ABOUT THIS EXERCISE -
Starting at the first line of the data, print each line verbatim up to and including the line bearing "Banquet at the", omitting pictures.

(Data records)
= Beginning of Section =
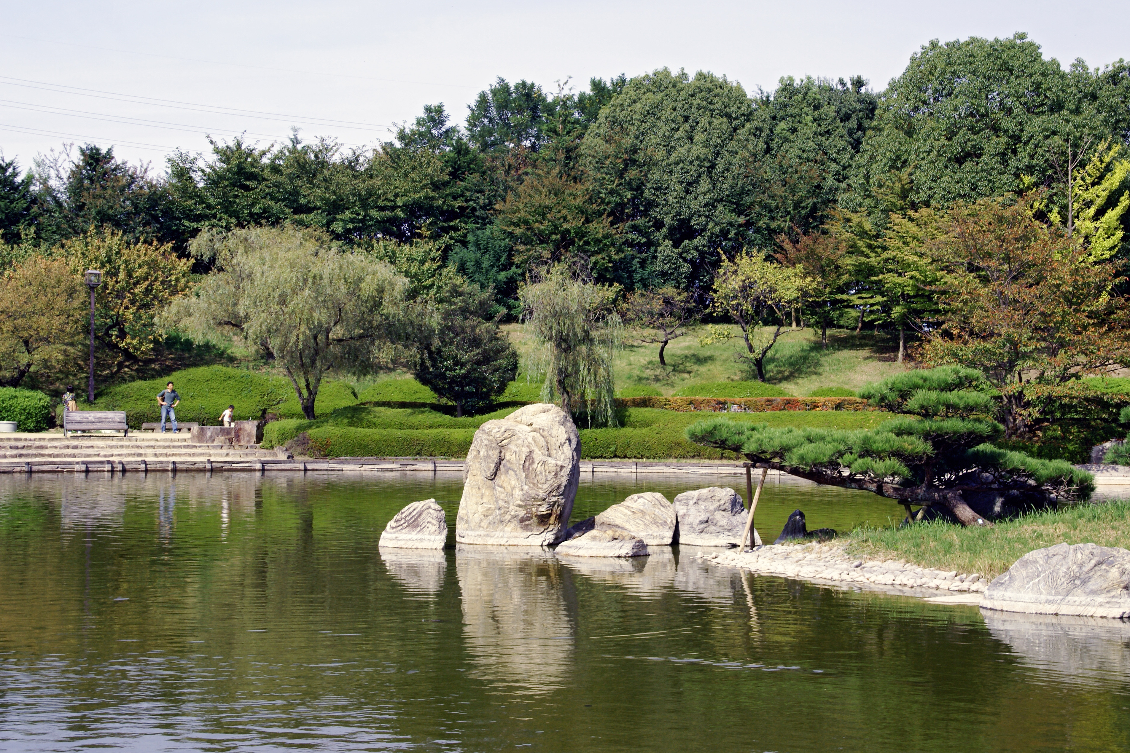 Biwakobunka-koen (Biwako Cultural Park) in Otsu, Shiga prefecture, Japan
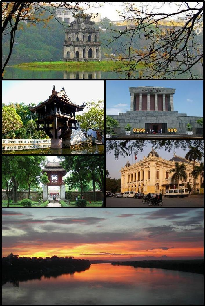 Combined images of landmarks in Hanoi.
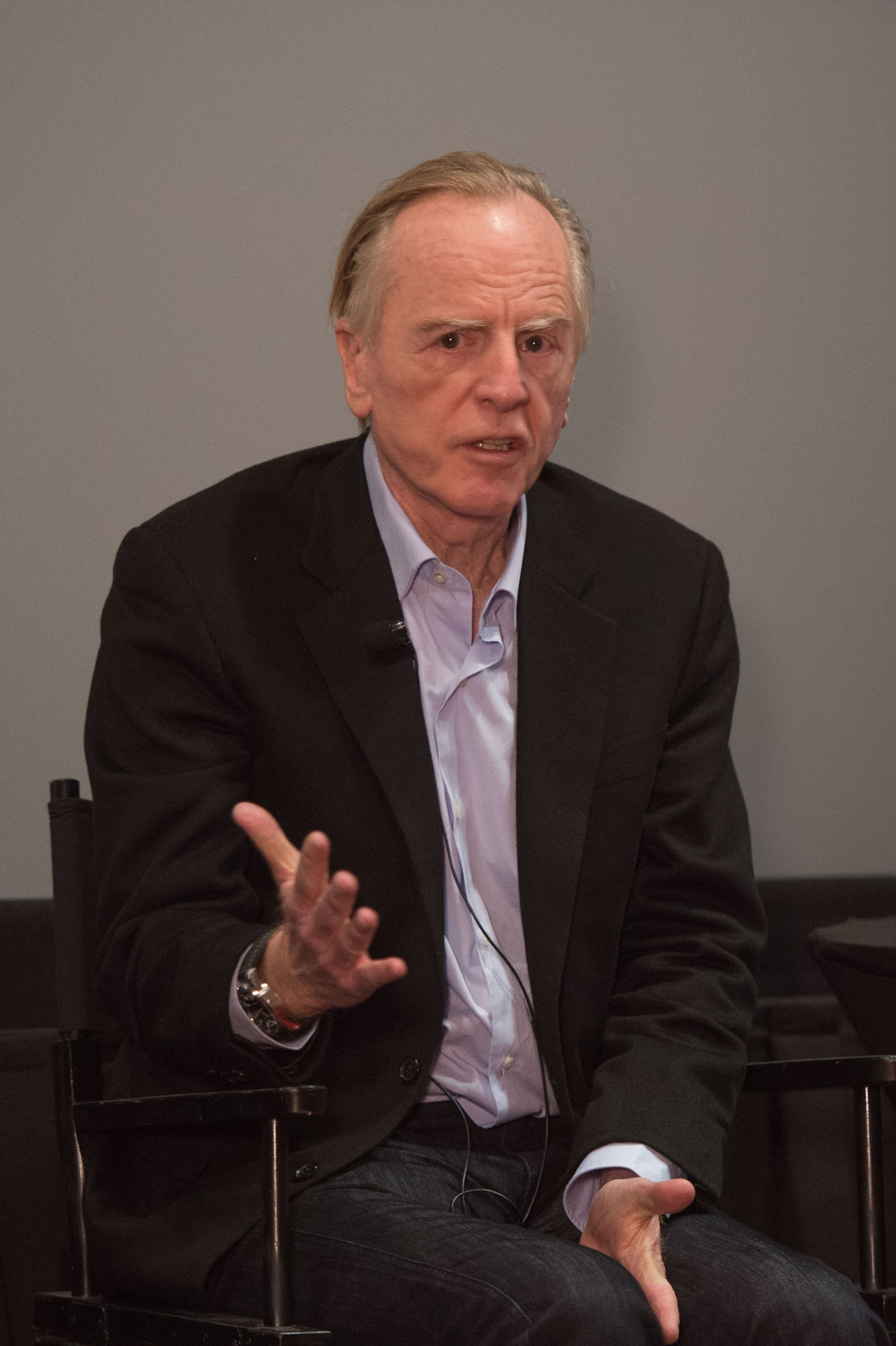 Zeta Interactive co-founder John Sculley (1/30/2014)
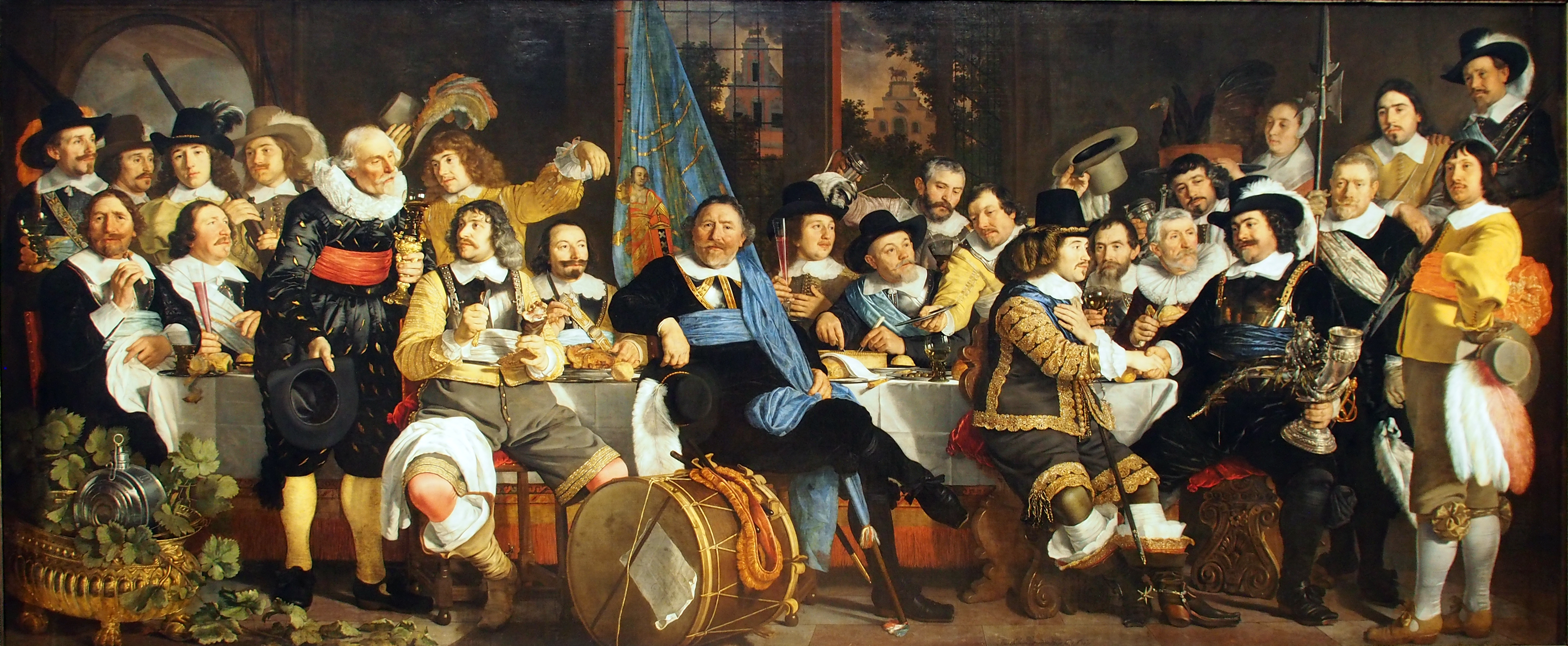 Banquet at the Crossbowmens's Guild in Celebration of the Treaty of Münster
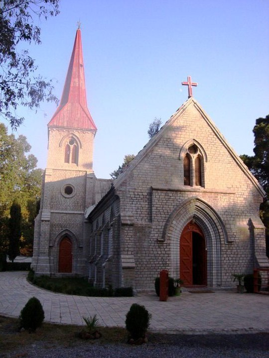 A view of St Luke's Church, Abbottabad, Pakistan
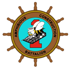 ACB-1 emblem
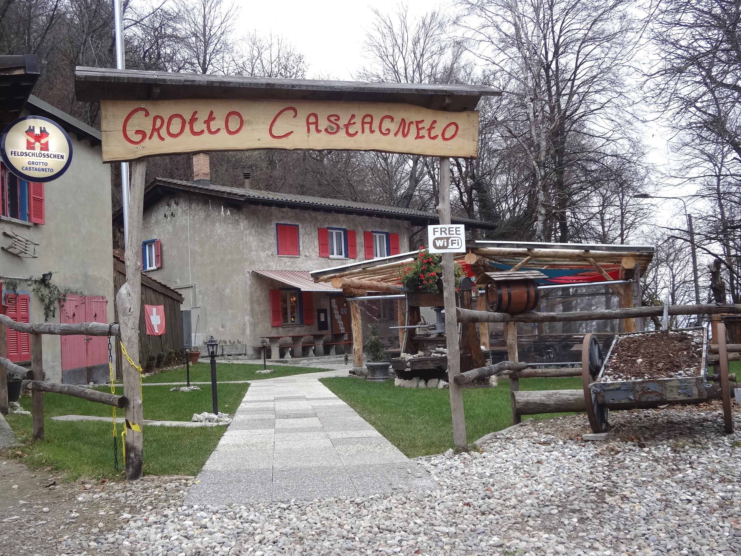 «Grotto Castagneto» (restaurant) in Brè (Ticino)
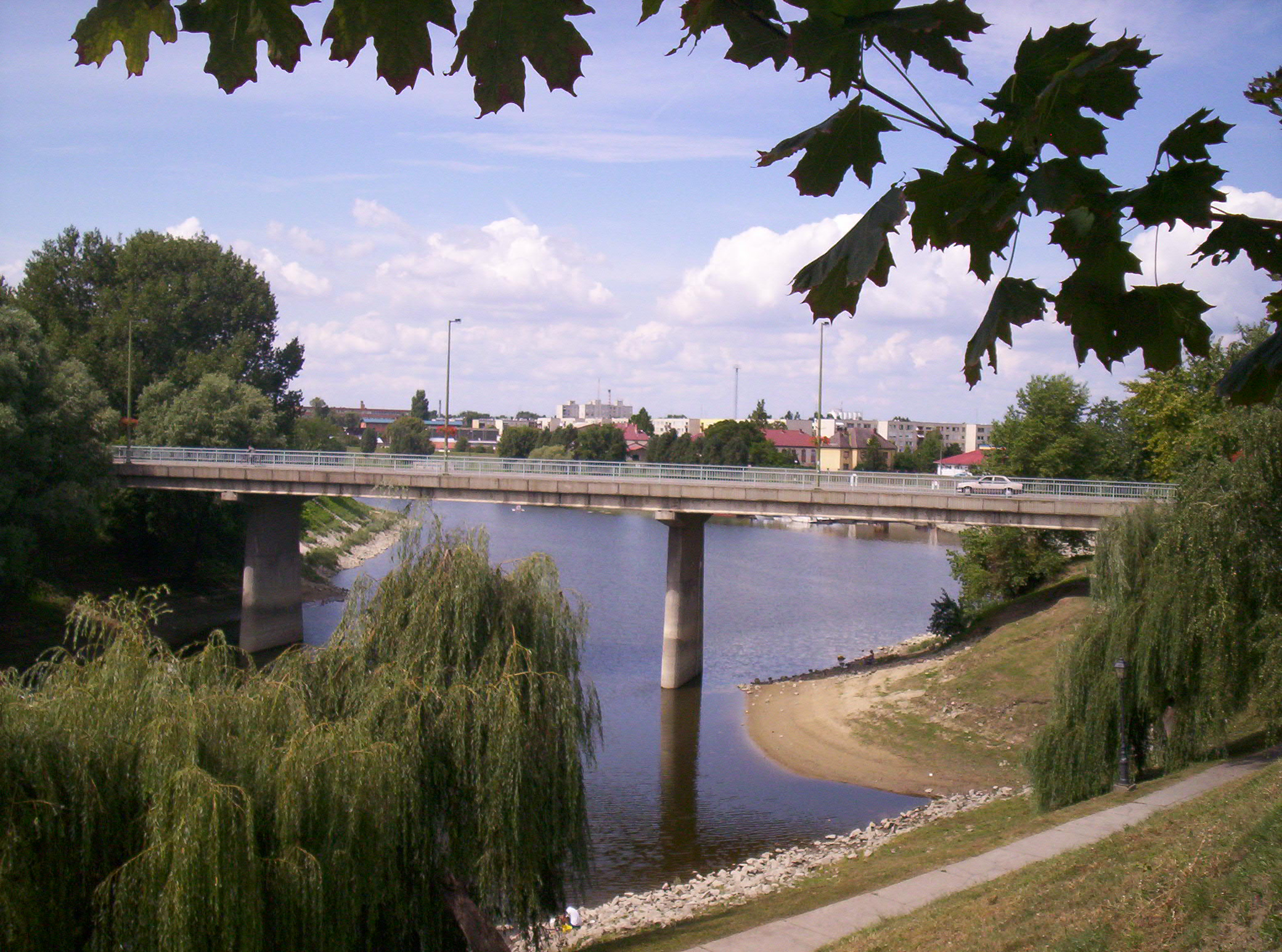 Unknown language: A Sugovica-híd Baján a Kamarás-Duna (Sugovica) felett
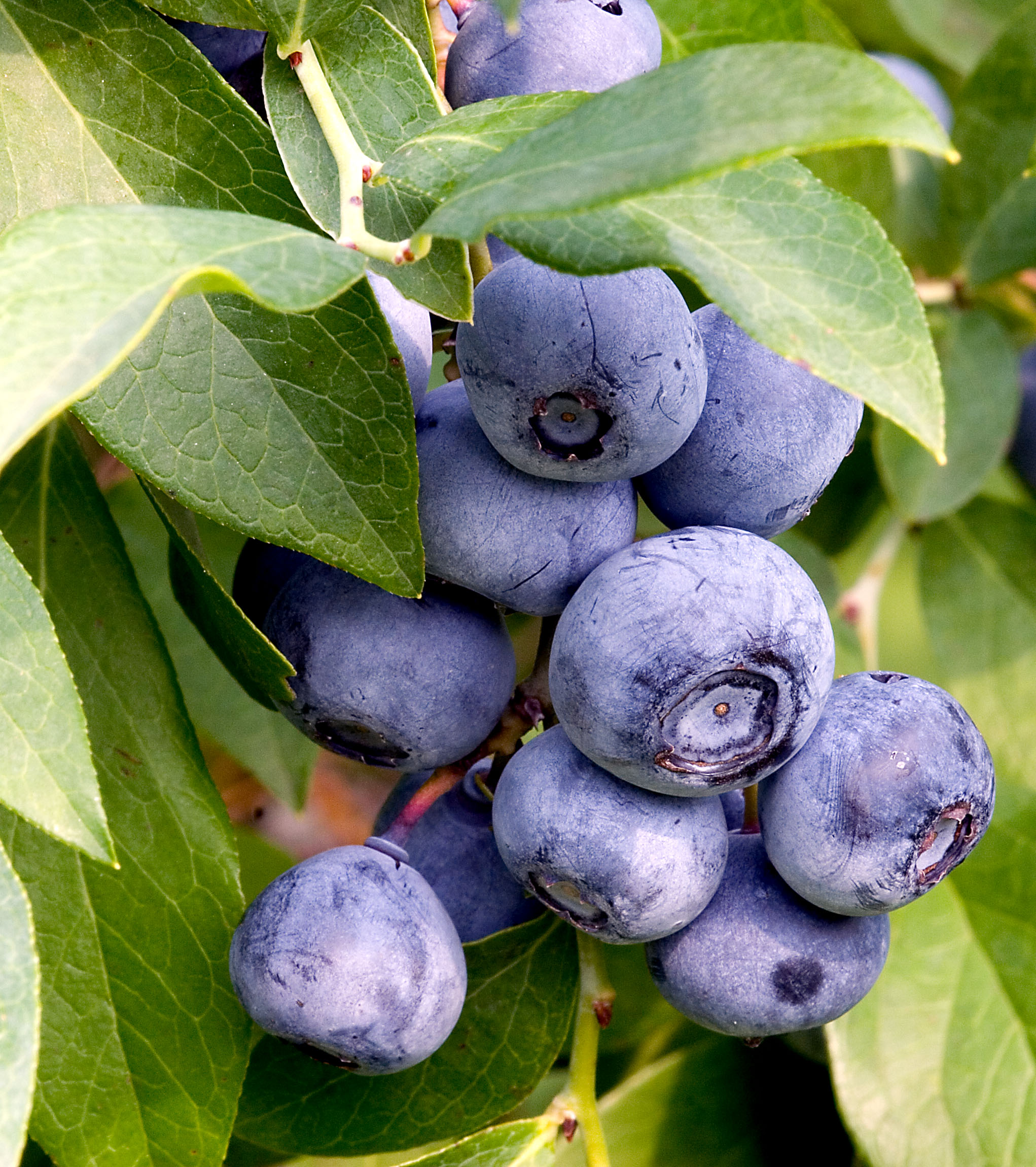 Blueberries.
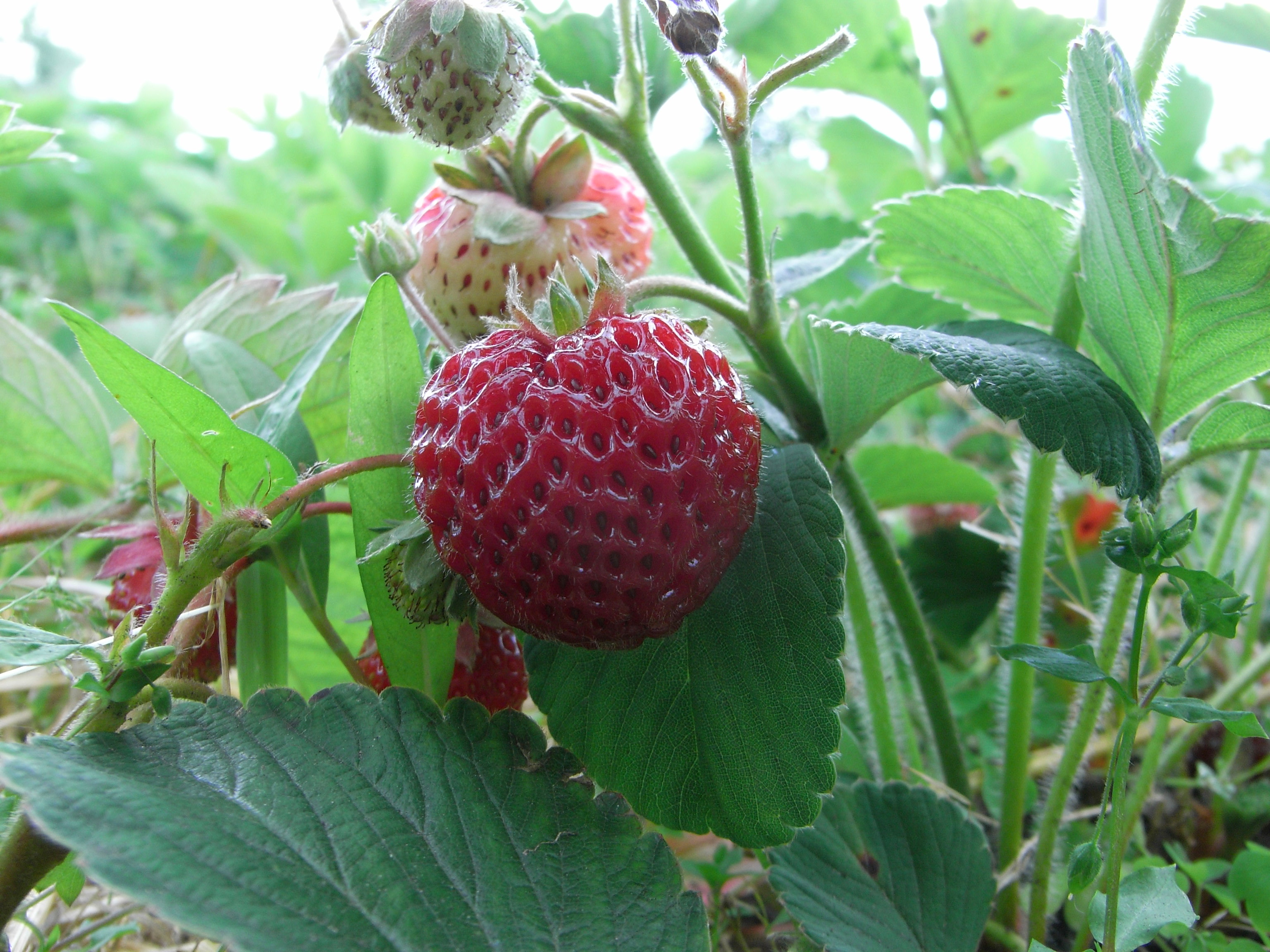 Strawberry 'Mieze Schindler', breeding of Otto Schindler of Pillnitz (Germany)
= End of Section =
SOLUTION -
 Biwakobunka-koen (Biwako Cultural Park) in Otsu, Shiga prefecture, Japan
 Combined images of landmarks in Hanoi.
 Zeta Interactive co-founder John Sculley (1/30/2014)
 Banquet at the Crossbowmens's Guild in Celebration of the Treaty of Münster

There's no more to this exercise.